As merkabamystica pointed out to me, not everyone in the dating pool is out looking to fall in love. Although that possibility makes decent intellectual sense to me, I have no personal experience of this to draw on in order to know how to apply it in my own life. (During my life time, I’ve swung wildly from nymph to hopeless romantic, without much time spent in the in-between areas.) I’m totally clueless with regard to what to expect from the more casual “getting to know you” or “spending time with someone new because its stimulating” dating style.
So, friends, if you don’t hate to educate, I have oodles of questions for any of you interested in helping me with my remedial training …
How do you, in the beginning, negotiate expectations of why the two of you are going out? I mean, what if one person is thinking “I hope they are the one” and the other person is thinking “Hey, it’s nice to get out and not watch re-runs again tonight.”
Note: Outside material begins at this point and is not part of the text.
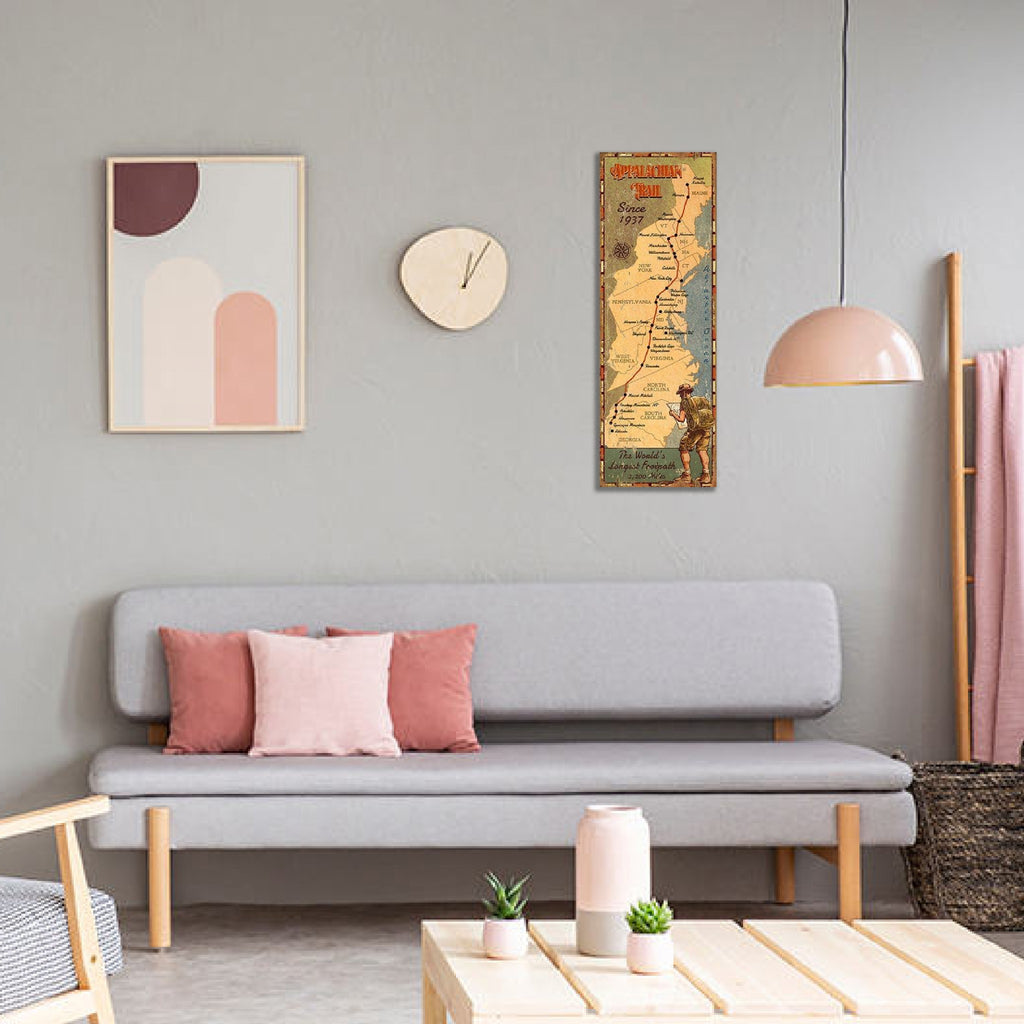 Historic and decorative, the c1937 Distressed Appalachian Trail Wall Art has a rustic look. A great gift for outdoorsy types, hikers and trail buffs, this vintage looking print will be a unique addition to your living room, office, or bedroom. 32" x 11" x 1"
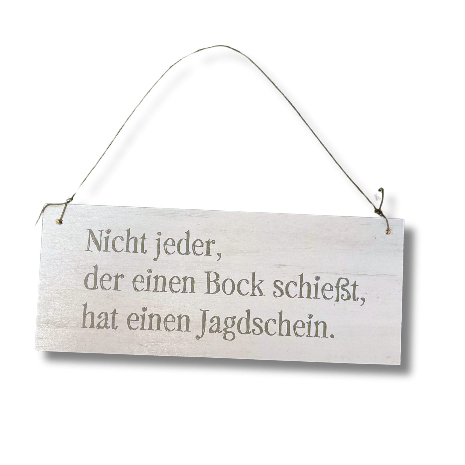 Mit der angebrachten Kordel lassen sie sich ganz einfach an einen schon vorhandenen Nagel oder Haken hängen. Man kann das Schild durch die Dicke der Platte aber auch Prima auf eine Anrichte oder Regal stellen. Die MDF-Platte ist robust und leicht zugleich. Unsere Spaß-Schilder sind ein super Geschenk für Jagdliebhaber. Wobei sie eigentlich viel zu schade sind um zu verschenken. Naja, jetzt muss man sich nur noch für einen der vielen tollen Sprüche entscheiden.

Hopefully, I don’t sound insulting. I’m just ignorant. How would you describe the appeal of just dating without the intent of finding a long-term mate? Is it the break in routine, the variety of experience? How does having a “just dating” relationship go? I’m imagining that I’d go out once, maybe enjoy myself enough to do it again with that person, and then start to feel more interested in staying in and playing the piano, reading a book, going out with friends, seeing someone else etc. So, I’d imagine that we’d reach our mutual max level pretty quickly. And then what if they wanted more and I didn’t? Then I’m back to the “thanks but no thanks” dilemma.